Now that I’ve seen enough of these deals go down, they certainly aren’t perfect. The PE firms are machines and there to make money. Teams churn, and it’s not the same after. It’s not the same.
And it’s important in these deals to truly understand how the rest of the team will be treated. In some cases, Big Tech Companies take across-the-board retention more seriously, especially the first year after an acquisition And some of your team might much prefer the perks of Big Co life. My CTO from Adobe Sign / EchoSign is now one of the most senior scientists at Adobe, even a decade after our acquisition. It’s worked out incredibly for him.
But the top PE firms in SaaS and Cloud know what they are doing. If you really want to walk away when you sell your company, a PE firm is better than a Tech Co, all other things being equal. PE firms know how to replace you, and won’t make you “rest and vest” or stay any longer than you want. And they often don’t mess around with large escrows, massive indemnities, clawbacks, and other provisions traditional Big Tech Cos. put in place.
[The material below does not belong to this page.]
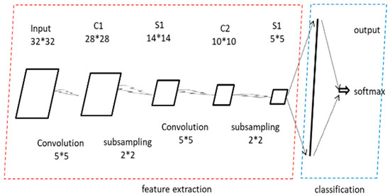 The input data size is 32*32. After passing through the first convolutional layer with a kernel size of 5*5, it becomes 28*28. Then, after passing through a 2*2 pooling layer, it becomes 14*14, completing the first convolution and pooling operation. Similarly, after passing through the second convolutional layer with a kernel size of 5*5, it becomes 10*10. After passing through a 2*2 pooling layer, it becomes 5*5. Finally, it is flattened through a fully connected layer into a one-dimensional vector, and classified through a SoftMax layer. This is an illustration based on an existing network structure, which can be modified according to actual needs.

The deals are so, so much simpler and faster. So much simpler and faster.
And if you want to both go long and sell … PE firms sometimes can deliver some of both. At least, if you’re at scale. Let you still go for that IPO, but have the safety of selling half your stock. Two bites at the apple, sometimes, done right — can be a gift,
Really both those options, in practice, are often more appealing than being acquired by a Big Tech Co.